The Great Round World

At the recent annual session of the British Association for the Advancement of Science it was announced that experiments in wireless telephony have proved that it is possible to convey audible speech without wires six or eight miles over the sea. William H. Preece, who made the announcement, is consulting engineer to the British Post Office and the colonies. He has had a lifelong experience in electrical engineering, and is the author of text-books on telegraphy and telephony.

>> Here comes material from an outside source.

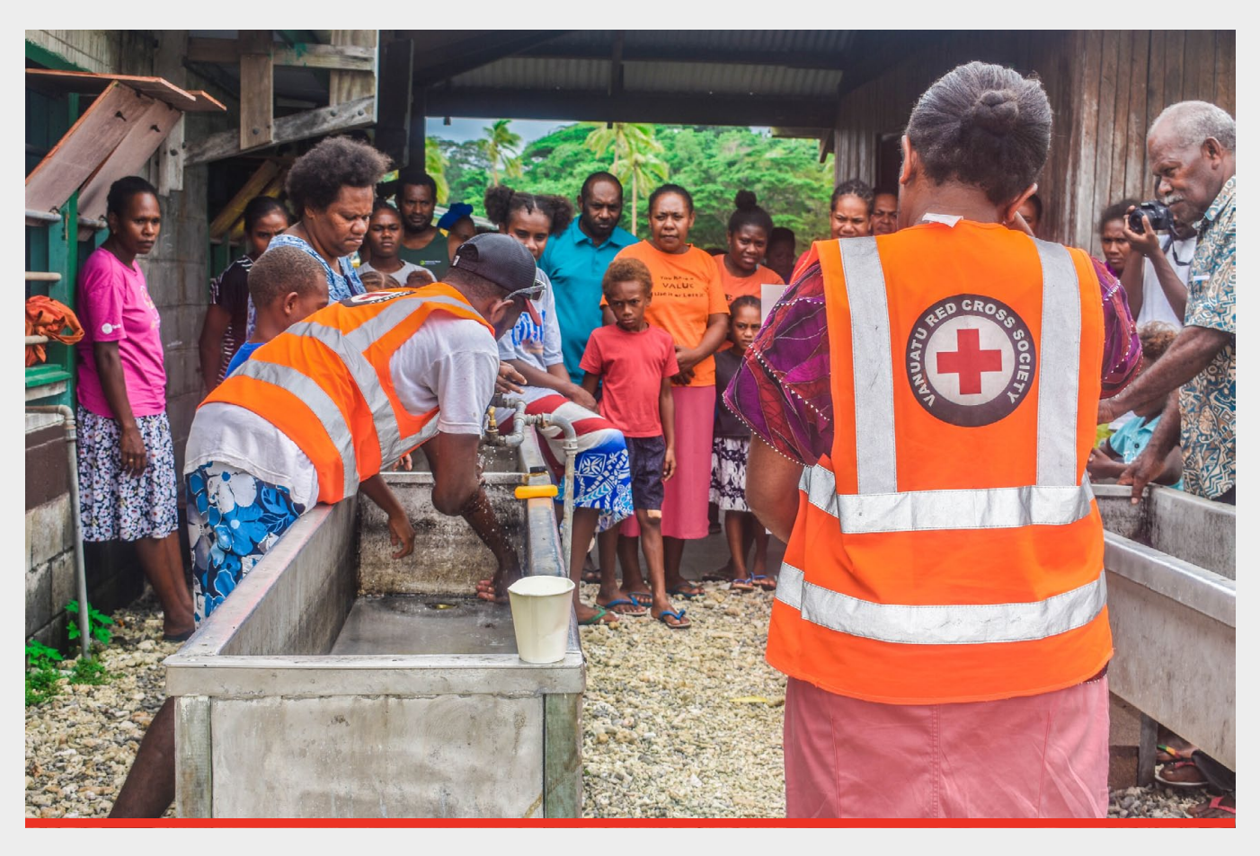
A Vanuatu Red Cross volunteer conducts a handwashing demonstration.

New Zealand: New Zealand is a smaller but important donor to the Pacific region, with small programs elsewhere. In 2019-20, the New Zealand Aid Programme provided $426 million in bilateral aid to Pacific countries, of which $NZ 48 million was repurposed to support the Pacific response to COVID-19. New Zealand also contributed around $190 million to multilateral agency partnerships, Cyclone Harold and to support Samoa through its 2019-2020 measles crisis (NZMFAT 2021).

The wireless telephone is made practicable by the invention of Mr. Walker Moseley, a well-known English electrical engineer. The difficulty that has stood in the way of the use of the apparatus of wireless telegraphy for telephony is that wireless telegraphy requires an electric current much stronger than any telephone transmitter hitherto invented will stand. Mr. Moseley has made a transmitter that will utilize fifty times more current than any other now in use. "I take," he says, "a wooden hemisphere, like a salad bowl, and cut about twenty-five holes through through it, in each of which I fix a diaphragm two inches in diameter, each diaphragm having one of my new microphones in its centre." The electrical current for this new telephony is carried, not through the air as in the case of wireless telegraphy, but through the sea or the ground. From the transmitter a wire runs out for a hundred yards or more a few feet above the earth. This wire is the "base." Now, an electrical current always tends to return to its startingplace, either through the earth or through the air. The current engendered by speaking into Mr. Moseley's transmitter, after passing along the wire to the other end of the base, passes through the earth on its way back. "But," as Mr. Moseley explains it, "its way back is not wholly straight. Many waves describe parabolic curves, limited in circumference only by the length of the base. With a base of one hundred yards these electrical waves will reach considerably over a mile away, so that, if there is a receiving apparatus to tap them at that distance, I can speak to any person stationed there."